Blaming individuals for the problems created by society
This article's tight focus on ADHD interventions at the individual and family level reflects the broader neoliberal mindset prevalent in American society today. By continually directing solutions back towards personal responsibility, self-optimisation, and the nuclear home, it fails to zoom out and recognise how many of the challenges around neurodiversity are rooted in systemic barriers and cultural attitudes.
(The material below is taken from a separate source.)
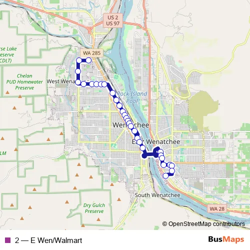 The first stop of the 2 bus route is Walmart and the last stop is East Wenatchee Park-and-Ride. 2 (E Wen/Walmart) is operational during everyday.
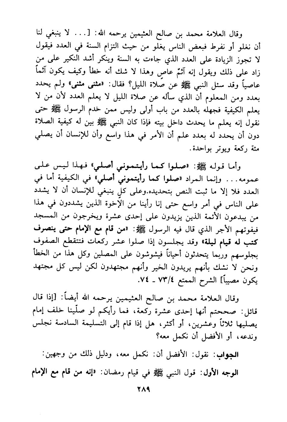 وأما قوله - صَلَّى اللهُ عَلَيْهِ وَسَلَّمَ -: (صلوا كما رأيتموني أصلي) فهذا ليس على عمومه ... وإنما المراد (صلوا كما رأيتموني أصلي) في الكيفية أما في العدد فلا إلا ما ثبت النص بتحديده. وعلى كلٍ ينبغي للإنسان أن لا يشدد على الناس في أمر واسع حتى إنا رأينا من الإخوة الذين يشددون في هذا من يبدعون الأئمة الذين يزيدون على إحدى عشرة ويخرجون من المسجد فيفوتهم الأجر الذي قال فيه الرسول - صَلَّى اللهُ عَلَيْهِ وَسَلَّمَ -: (من قام مع الإمام

The subtext here is that if your ‘ADHD child’ is still struggling after medication and family training programs, the fault and duty to solve it lies squarely within your household. This perspective aligns closely with neoliberalism’s emphasis on meritocracy, productivity, self-reliance, and personal grit over any consideration of external conditions or the need for societal change.
Insidiously, the article pads this narrow prescription with sponsored links for companies aiming to profit off families’ anxiety around ADHD behavioural challenges. This amiably-presented, “life hack” style content that leads families to purchase more apps, training tools, and pharmaceutical products to get their child ‘back on track.’ It's a sort of Neurolinguistic Programming approach that subtly preys on parents’ desires for fast fixes and their fears of being judged for their child’s condition.
By medicalizing differences without questioning whether systemic expectations should shift, then conveniently providing consumer solutions, such articles further the neoliberal agenda that absorbs societal responsibilities into private households. Rather than advocating to improve ADA policies, school inclusion, or awareness around neurodiversity, it keeps the onus on parents to optimise themselves and their children.
The narrow solutions therefore betray the narrow underlying story - one where societal augmentation is no longer viewed as necessary or viable to support human diversity. The imperative stays firmly with families and individuals expected to purchase, upgrade, and bootstrap themselves in order to fit unchanged structures and standards. We must challenge this complacent narrative and shift policy to lift demands off everyday people struggling to freshly adapt themselves amidst unbudging systems.